IntentPrimary context(s)What it is for
overviewworkspace_context”Describe this workspace”. Structural overview.
coverageenumerate_contextCross-workspace endpoint coverage, best-effort.
relationshipenumerate_contextCross-workspace dependency direction, best-effort.
flowflow_contextCall-path tracing: “how does X work”.
usagegraph_context”Who calls this” and “where is this used”.
impactgraph_contextChange blast radius: “what breaks if”.
dependenciesgraph_contextImports and external dependency view.
centralitygraph_contextHotspots and most-connected files/functions.
observabilityslo_contextSLO coverage and unmonitored routes.
enumerateenumerate_context”List all routes” / “how many endpoints”.
semanticsessions, findingsGeneral semantic search over findings and session summaries.

On a query, the API generates embeddings for a small number of recently completed sessions that are missing them (bounded to avoid a slow first query).

Vector search returns:

  • similar sessions (sessions)
  • similar findings (findings)

Filters can include:

  • workspace scope
  • language/framework hints parsed from the query
  • rule id patterns derived from concept extraction

If the query matches a known concept (for example “error handling” or “timeout”), the API applies rule id pattern filters so that results stay on-topic.

When a concept-targeted query returns no matching findings, the API emits an “all clear” hint and clears unrelated session context to avoid confusing output.

For broad semantic queries (intent semantic without a targeted concept), the API may diversify results by rule type (for example max 2 findings per rule). Targeted concept queries do not diversify.

If the query explicitly references a file and uses words like “risks” or “issues”, the API may override semantic results and return findings for that file token from the latest session.

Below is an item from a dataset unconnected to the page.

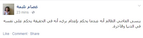 وقال في تدوينة ثانية، عبر صفحته على موقع التواصل الاجتماعي “فيس بوك”: “ينسى القاضي الظالم أنه عندما يحكم بإعدام بريء فهو يحكم في الحقيقة على نفسه في الدنيا والآخرة”.
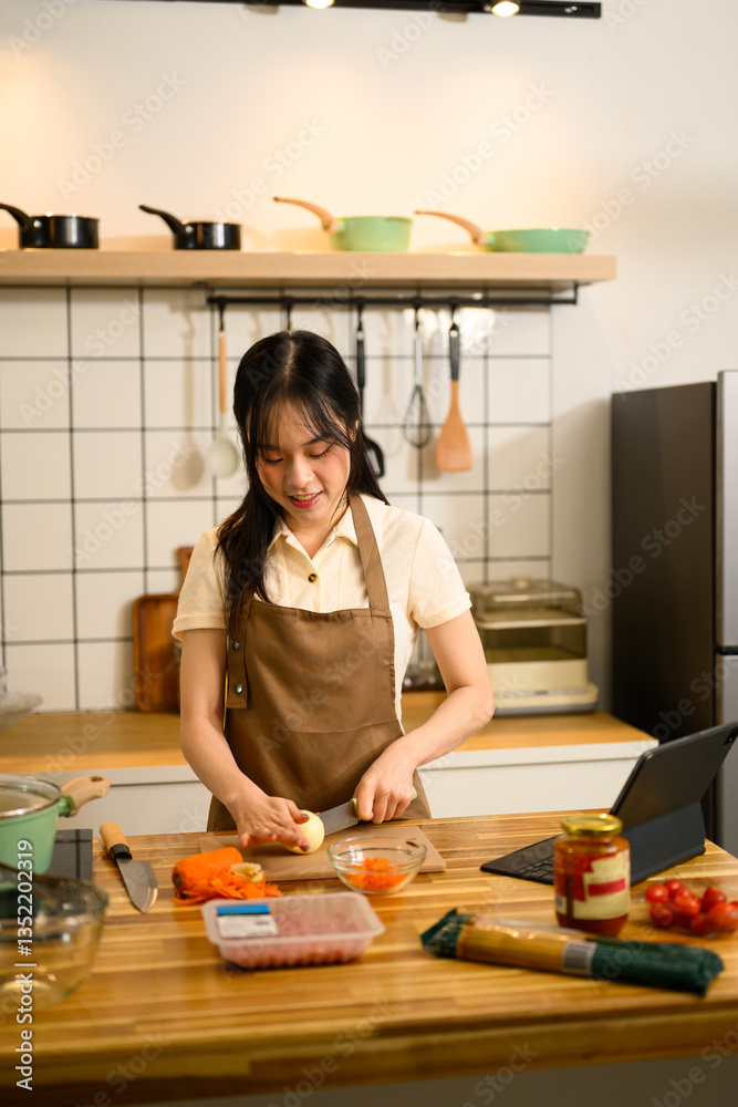Woman preparing fresh ingredients for a homemade spaghetti dish in a kitchen

This is a UX safeguard: users usually mean “filter by this file”.

When an impact/usage slice returns dependent files, the API may fetch findings for those dependent files and attach them with source metadata marking the origin as dependent-file enrichment.

When the plan needs a concrete target and cannot resolve it unambiguously, the response includes disambiguation.

It provides:

  • a reason (why the system could not resolve the target)
  • safe tokens to paste into a follow-up query
  • candidate matches

This is the expected response shape for queries like “what breaks if I change auth” when there are multiple plausible auth targets.

Some intents prefer graph_data from the CLI and only fall back to stored graph data.

This matters when:

  • the stored graph is stale (review not re-run after a refactor)
  • dynamic languages produce multiple plausible resolutions
  • flow/SLO data exists locally but was not persisted

If an answer seems inconsistent with the current working tree, re-running unfault review usually resolves the mismatch.